Submitting Consortium Data
AnVIL aims to host data sets of high value to the biomedical research community, serving basic research as well as clinical research. AnVIL is open to hosting additional data sets, including public access and restricted access data.
Starting the Data Submission Process
To begin the process of submitting data to AnVIL and confirm eligibility:
- Complete our AnVIL Dataset Onboarding Application for evaluation by the AnVIL Data Ingestion Committee.
- Contact the AnVIL team with any questions you have regarding data deposition. We are happy to answer questions or help determine if the AnVIL is the right place for your data.
Minimal Ingestion Information
Data submitted for hosting by the AnVIL will be consistent with data model(s) in the AnVIL system when possible. This can either be accomplished by submitting data consistent with the existing data model(s), or by working directly with the AnVIL Phenotype WG and Data Processing WG to integrate into an existing data model.
Phenotype data should be linked to a concept identifier from a standard ontology whenever possible. This can either be by submitting data linked to the ontologies existing in the AnVIL, or by working directly with the AnVIL Phenotype WG and Data Processing WG to map the phenotype data to appropriate ontologies.
In most instances, data ingestion will be the result of a collaborative effort with the Phenotype and Data Processing WGs, and will be initiated as a response to the ingestion application. The application should specify the current data model(s) and ontologies for the data to be submitted, in order to expedite review by both WGs.
Note: These requirements are the minimal information needed to ingest a dataset for formal hosting by the AnVIL. A data depositor seeking to use a Bring-Your-Own-Data model will be able to bring data with whatever phenotypic data they wish.
Phenotypic and Clinical Data
Phenotypic and clinical data should be in a format compatible with submission to the AnVIL. The following information is generally required for data submission:
A data dictionary (data model), containing the following information:
- Properties within the data model (Gender, Blood Pressure, etc.)
- Definitions for the property
- Property type (encoded, decimal, string, etc.)
- Units of measurement
- Allowable Values (0 means x, 1 means y, etc.)
- Linkages to external concept codes (where possible)
Phenotype data files, including the following broken down by node:
- the ID of the entry within that node
- the ID of the entry within a parent node. That is, the node under which this node is linked in the graph model.
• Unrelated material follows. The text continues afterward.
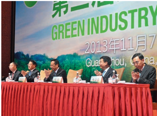
The 2013 Green Industry Conference in Guangzhou, China.

In cooperation with the Ministry of Industry and Information Technology of China, UNIDO organized the 2013 Green Industry Conference in Guangzhou, China in November, that focused on creating a circular economy through resource efficiency and effective environmental management and policy. The conference looked at ways to apply green industry concepts to manufacturing processes and provided a platform for some 700 participants to exchange experiences and learn about new initiatives and projects relevant to the implementation of green industry measures at the country level. During his visit to China, Director General LI Yong signed a memorandum of understanding with the Minister of Industry and Information Technology to promote green industry and cleaner production in China, including industrial water and energy efficiency and programmes to reduce the use of lead.
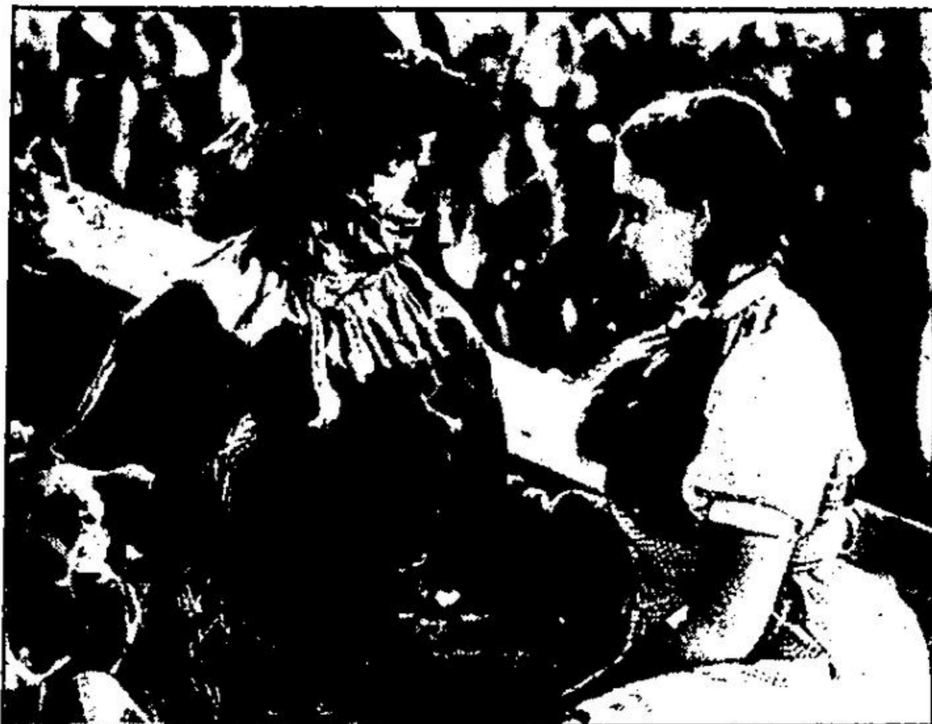
HONOR "The Wizard of Oz" on the movie's 50th anniversary and go to your costume party dressed as Dorothy or the Scarecrow. If you have children, they can go along as Munchkins.

Blame it on the full moon or the fantasy, but Halloween has a romantic edge. I've always liked partner costumes. One of the most charming couples I know went to a party as the

An additional column can be added if the node has multiple parents
- Columns for the data value for each property for that entry. Using demographics as an example, a property column may be "Gender", with each line containing a numeric value associated with the property in the data dictionary
AnVIL WGs will work with submitters to validate the format of this information, and to identify any situations in which one may supply more, or less information based on specific dataset needs.
Metadata should be in a format compatible with indexing once in AnVIL. Metadata recommendations will be provided by the AnVIL team to ensure that metadata are in an acceptable form to be incorporated into the broader AnVIL data model. Data Processing WG and Phenotype WG will work with submission requesters in an effort to ingest their data properly. Because each engagement will most likely be different, processes will be developed (and adjusted, as necessary) as we engage with the various submitters.
Known Data Use Limitations (DUL) need to be clearly defined by the data depositor. This is the list of requirements for gaining access and using the data. There should be protocols in place for gaining access at the time of ingest.
AnVIL Data Ingestion Committee (DIC) Approval
This committee is composed of NHGRI program officers and internal AnVIL leadership team members. This group would perform initial evaluation of ingestion applications.
During initial discussions, the Program Officer must provide a written attestation that the AnVIL team will be permitted to store, index, and access data on the AnVIL. In addition, this must provide a list of people who are designated to speak and make decisions on behalf of the institution.
Data must also be submitted in a way that is consistent with the requirements of the NIH Genomic Data Sharing (GDS) Policy.
- Institutions must submit an Institutional Certification, which specifies that data is being submitted in accordance with all applicable laws, and which specifies the limitations for sharing based on the informed consent of the research participants.
- This documentation would need to include the NHGRI Genomic Program Administrator, who currently registers the study.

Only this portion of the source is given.